Based on an analysis of more than 30,000 companies and their job posting histories in 2014 in its database, FlexJobs reports that medical and health is the leading career field for telecommuting jobs. Earlier this year, FlexJobs released its 2015 top 100 companies likely to hire for remote jobs, of which nearly one quarter were healthcare-related companies. FlexJobs itself experienced a 26 percent increase in the number of telecommuting jobs posted over the last year. Telecommuting refers to work that can be performed from home and options may include contract, employee, part-time, and full-time positions.

"Don't assume that because your role is patient-focused, you can't work from home."  -Sara Sutton Fell, CEO, FlexJobs

Telecommuting is attractive to various demographics, such as millennials, semi-retirees, working parents, military spouses, people with health issues or disabilities, caregivers, and people looking for work outside of their local economy.

10 Most Common Telecommuting Jobs in the Healthcare Industry

  • Healthcare information specialist
  • Medical coder
  • Research scientist
  • Pharmaceutical representative
  • Nurse case manager
  • Medical director
  • Clinical program manager
  • Insurance representative
  • Patient advocate
  • Medical transcriptionist

Sara Sutton Fell, CEO and Founder of FlexJobs answered a few questions regarding the list of top telecommuting jobs, and how healthcare is a leading industry in the telecommuting trend. She offers some wonderful advice for job seekers who are interested in a telecommuting role within the healthcare industry.

How were the job titles selected - what factors went into making the list?

Sara Sutton Fell: The job titles on the list were chosen because they are the ones we see most often when researching, vetting, and posting telecommuting healthcare jobs. They all offer telecommuting to some degree (either 100% work-from-home, partial work-from-home, or occasional work-from-from) and are all categorized as medical and health jobs on our site.

We've also seen more unusual common telecommuting healthcare jobs like triage nurse, social worker, and – believe it or not! -- neurosurgeon, so the list of 10 common jobs is by no means the end of the story.

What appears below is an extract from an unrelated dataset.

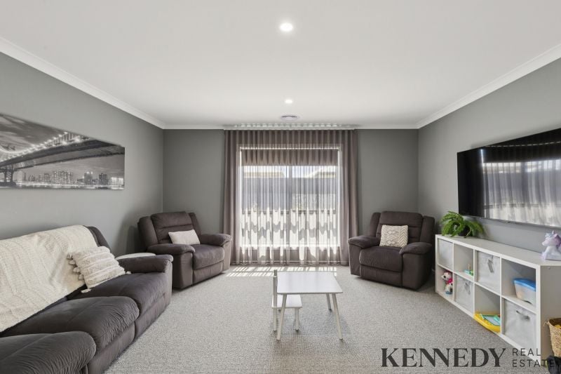 At the heart of the home is the show-stopping kitchen, complete with an incredible butler’s pantry, seamlessly flowing into the open-plan living and lounge areas. A separate family room provides added flexibility for relaxed living or entertaining.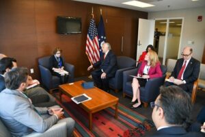 Al continuar con la gira del programa Operación Toca Puertas en Washington, D.C., Estados Unidos, el titular de Sectur sostuvo una reunión con representantes de U.S. Travel Association: Tori Emerson Barnes, vicepresidenta ejecutiva de Asuntos y Políticas Públicas; y Nan Marchand Beauvois, vicepresidenta de Membresías y Relaciones con la Industria; en donde acompañó a la comitiva, Eduardo Chaillo, consultor en turismo de reuniones, para impulsar acciones que detonen este importante segmento de viajeros.

Are there any healthcare jobs that you think should be on the list that aren't but perhaps may be on a future list? (e.g. roles that are beginning to move towards telecommuting that haven't yet.)

Sutton Fell: We actually don't see much changing in terms of the specific roles because there's already so much variety, but that the volume of healthcare jobs listed as remote positions definitely looks like it will continue to increase.

How does telecommuting impact salaries for the given jobs, if at all? Do telecommuters earn more or less on average than their counterparts who go into the office setting daily?

Sutton Fell: This very much depends on the particular role and career field, but on the whole, telecommuting jobs should pay in-line with their in-office counterparts. Some do pay less, while some actually pay more, but the great thing about telecommuting is that people who work from home stand to save between $4,000 and $9,000 annually because so many of their expenses related to working in an office are reduced or eliminated by working from home. Additionally, you can find jobs outside of your local area and cost of living which can impact how high or low the salary is – for example, if you live in Kansas but find a telecommuting job with a company based in Atlanta, the company might feel like they’re getting a great deal while you’re getting paid a high rate for your local cost of living.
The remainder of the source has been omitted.